Dataset entries »
== == ==
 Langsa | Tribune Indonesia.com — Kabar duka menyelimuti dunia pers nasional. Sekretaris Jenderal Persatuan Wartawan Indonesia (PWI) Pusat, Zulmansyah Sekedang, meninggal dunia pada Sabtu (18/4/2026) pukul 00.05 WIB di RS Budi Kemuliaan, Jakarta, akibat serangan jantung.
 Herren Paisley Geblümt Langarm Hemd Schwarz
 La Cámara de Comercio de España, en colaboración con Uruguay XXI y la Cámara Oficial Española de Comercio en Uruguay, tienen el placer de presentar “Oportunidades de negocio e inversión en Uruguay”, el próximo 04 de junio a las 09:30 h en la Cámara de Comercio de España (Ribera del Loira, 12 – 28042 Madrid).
== == ==
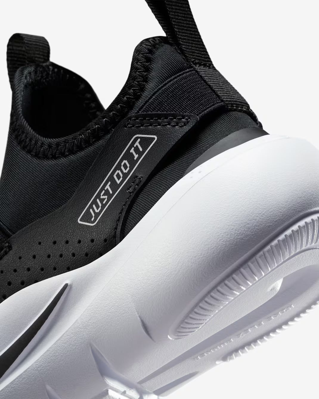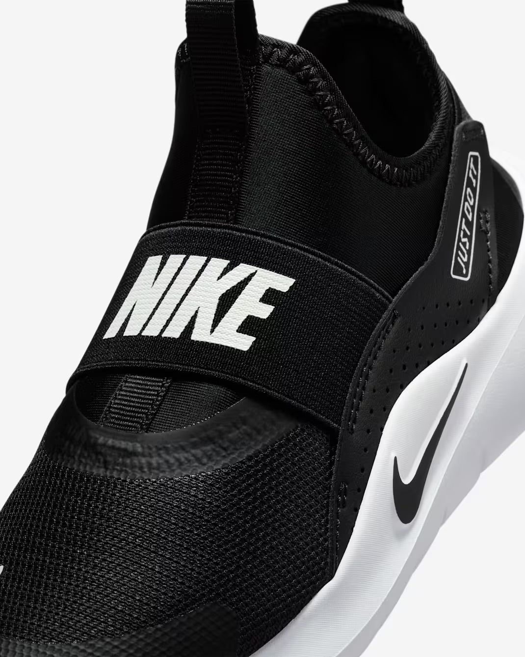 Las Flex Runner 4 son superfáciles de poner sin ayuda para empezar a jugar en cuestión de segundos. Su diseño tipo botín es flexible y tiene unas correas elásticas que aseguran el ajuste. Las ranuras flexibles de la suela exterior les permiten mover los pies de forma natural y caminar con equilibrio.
== == ==
Directions » Which lines run from the one holding "Langsa | Tribune" through the one holding "Herren Paisley Geblümt Langarm Hemd Schwarz" in the records above? Repeat them exactly, both included, and nothing more.

Written reply »
 Langsa | Tribune Indonesia.com — Kabar duka menyelimuti dunia pers nasional. Sekretaris Jenderal Persatuan Wartawan Indonesia (PWI) Pusat, Zulmansyah Sekedang, meninggal dunia pada Sabtu (18/4/2026) pukul 00.05 WIB di RS Budi Kemuliaan, Jakarta, akibat serangan jantung.
 Herren Paisley Geblümt Langarm Hemd Schwarz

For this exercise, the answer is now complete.